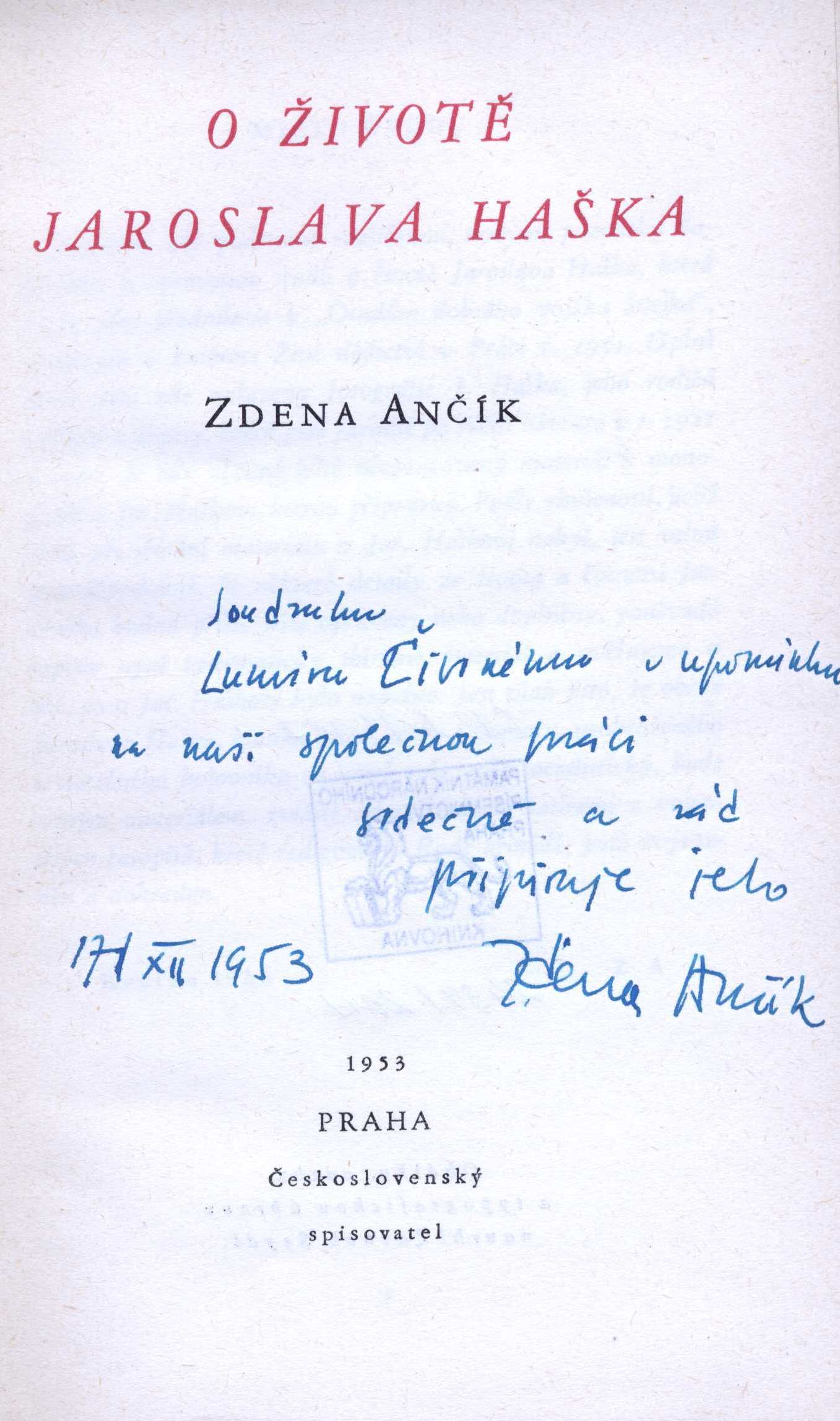Title information O životě Jaroslava Haška / Zdena Ančík ; obálku, vazbu, předsádku a typografickou úpravu navrhl Zdenek Seydl Personal name Ančík, Zdena, 1900-1972 (Author) Další autoři Seydl, Zdenek, 1916-1978 (Bookjacket designer) (Binding designer) (Typographer) Corporation Československý spisovatel (nakladatelství) (Publisher) Brněnské knihtiskárny (Printer) Edition statement Vydání 1. Publication Praha : Československý spisovatel, 1953 Manufacture V Brně : Brněnské tiskárny Scope 107 stran, 16 nečíslovaných stran obrazových příloh ; 20 cm ISBN vázáno Country Czech Republic Language Czech Note Zdobený přebal. - Na záložce přebalu poznámka o knize. - Proti titulu portrét J. Haška. - Černopbílé fotografie na příloze
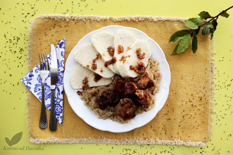 Moravský vrabec s moravskou kyslou kapustou a žemľovou knedľou
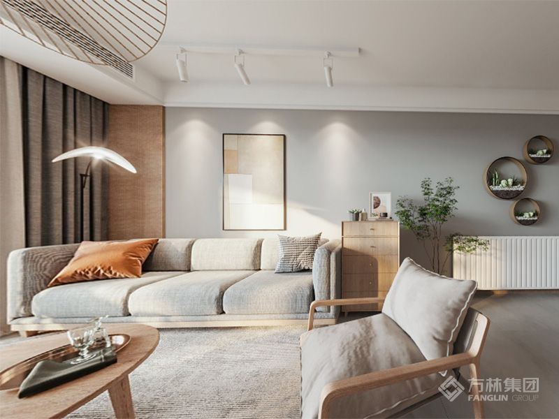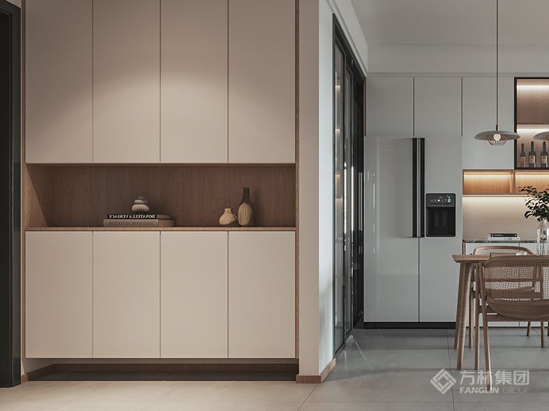 用有限空间,做无限设计,成就梦想之家。整个空间明亮宽敞,温柔的木质家具与灰白组合柜相互渗透,增加了空间层次感和立体感,温馨而又舒适。
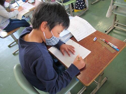 4年生です。先生の板書を一生懸命ノートにとっている様子が分かります。

************

• _PROBLEM REQUIREMENTS_
Could the data above be copied out exactly, with no pictures kept?

• _TASK RESPONSE_
Title information O životě Jaroslava Haška / Zdena Ančík ; obálku, vazbu, předsádku a typografickou úpravu navrhl Zdenek Seydl Personal name Ančík, Zdena, 1900-1972 (Author) Další autoři Seydl, Zdenek, 1916-1978 (Bookjacket designer) (Binding designer) (Typographer) Corporation Československý spisovatel (nakladatelství) (Publisher) Brněnské knihtiskárny (Printer) Edition statement Vydání 1. Publication Praha : Československý spisovatel, 1953 Manufacture V Brně : Brněnské tiskárny Scope 107 stran, 16 nečíslovaných stran obrazových příloh ; 20 cm ISBN vázáno Country Czech Republic Language Czech Note Zdobený přebal. - Na záložce přebalu poznámka o knize. - Proti titulu portrét J. Haška. - Černopbílé fotografie na příloze
 Moravský vrabec s moravskou kyslou kapustou a žemľovou knedľou
 用有限空间,做无限设计,成就梦想之家。整个空间明亮宽敞,温柔的木质家具与灰白组合柜相互渗透,增加了空间层次感和立体感,温馨而又舒适。
 4年生です。先生の板書を一生懸命ノートにとっている様子が分かります。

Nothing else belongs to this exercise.